First, concentration is not one thing. SV151, Destined Rivals, White Flare, and Black Bolt are led by compact 5- or 6-card clusters. Prismatic Evolutions is led by a larger but theme-correlated Eeveelution cluster. Evolving Skies is different again. Its 14-card cluster functions more like a mature high-end ecosystem than a narrow chase tier. Those are not interchangeable structures. A set can be concentrated because it is fragile and narrow, or because its high-end identity has become broad enough to define the set.

Second, raw value is not the same as market-confirmed demand. White Flare and Black Bolt look relatively broad by raw value, with their chase clusters accounting for 39% and 43% of tracked raw value. But those same clusters account for 95% and 96% of raw sold dollars. That gap is important to note. It shows how a set can appear broad on a price sheet while actual buyer dollars are already clustering around a much smaller group of cards.

Third, maturity shows up when the layers start to align. Destined Rivals is interesting because its raw dollars are concentrated, but its raw sold count is much more distributed. That suggests a market still sorting itself. Evolving Skies shows the other side of the lifecycle: raw value, raw sold dollars, PSA 10 sold dollars, PSA 10 value, and PSA 10 population all point toward the same broad high-end cluster.

In a young set, disagreement between layers can be part of market formation. In a mature set, convergence can signal that the market has settled on the cards that define the set.

Why This Matters

The practical value of set-level analysis is not that it tells every collector or investor what to buy. It is that it helps define the market environment around whatever strategy they are already pursuing.
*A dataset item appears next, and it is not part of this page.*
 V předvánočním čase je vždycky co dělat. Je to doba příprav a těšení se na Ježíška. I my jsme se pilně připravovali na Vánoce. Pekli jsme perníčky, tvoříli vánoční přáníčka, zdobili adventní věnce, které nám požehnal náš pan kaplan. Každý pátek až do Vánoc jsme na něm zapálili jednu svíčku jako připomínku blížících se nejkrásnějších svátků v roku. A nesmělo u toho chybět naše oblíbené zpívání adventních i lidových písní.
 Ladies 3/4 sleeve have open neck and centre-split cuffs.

A master set collector, a sealed-product holder, a raw-to-grade operator, and a graded-card flipper may all look at the same set differently. But each is still exposed to the same underlying structure: how powerful the chase cluster is, how much activity exists beyond it, whether raw prices are being confirmed by sold liquidity, whether PSA 10 premiums are supported by supply conditions, and whether the set is still forming or has already settled into a durable identity.

The goal is not to reduce the hobby to a spreadsheet. It is to use a more structured approach to ask better questions. Modern Pokémon sets are rarely broad in a simple, equal-weighted way. They form around chase clusters, secondary demand, graded-market constraints, and lifecycle shifts.
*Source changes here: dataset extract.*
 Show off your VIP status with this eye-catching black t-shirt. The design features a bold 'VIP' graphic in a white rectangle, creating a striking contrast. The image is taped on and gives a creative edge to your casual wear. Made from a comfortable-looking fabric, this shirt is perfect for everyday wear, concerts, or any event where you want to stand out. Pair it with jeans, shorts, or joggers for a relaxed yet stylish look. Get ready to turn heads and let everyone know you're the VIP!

Understanding those dynamics does not replace taste, collecting goals, or card-level analysis. It makes each of them sharper. The top chase card may start the conversation, but the structure around that card is where the market actually forms.

Methodology Notes

Relic Passage Research uses a public-safe summary layer derived from a broader Pokémon market database. The database combines third-party Pokémon market data, including PokémonPriceTracker where available, with Relic Passage enrichment for sold activity, graded pricing, population visibility, lifecycle classification, and set-level market structure.

Source availability, field coverage, and update frequency vary by table and set, so the metrics should be read as structured market indicators rather than exhaustive market totals.

The analysis in this article is based on a candidate-enriched research universe, not a full checklist census. Relic Passage tracks a broad raw-card universe, then applies deeper enrichment to cards most likely to carry market signal.

Chase clusters are identified using a blend of multiple market signals rather than a simple top five ranking. This approach is designed to identify the cards that actually lead a set’s high-interest market identity.

Sold activity is separated into raw, PSA 10, and other graded transactions because graded cards can dominate blended dollar volume. Raw sold-count share helps show buyer participation, while PSA 10 sold-dollar share shows where graded transaction value concentrates.

Population and gem-rate metrics should be read as supply-structure indicators, not deterministic price forecasts. A low gem rate can support PSA 10 premiums, but graded prices also depend on demand, existing population, liquidity, and lifecycle stage.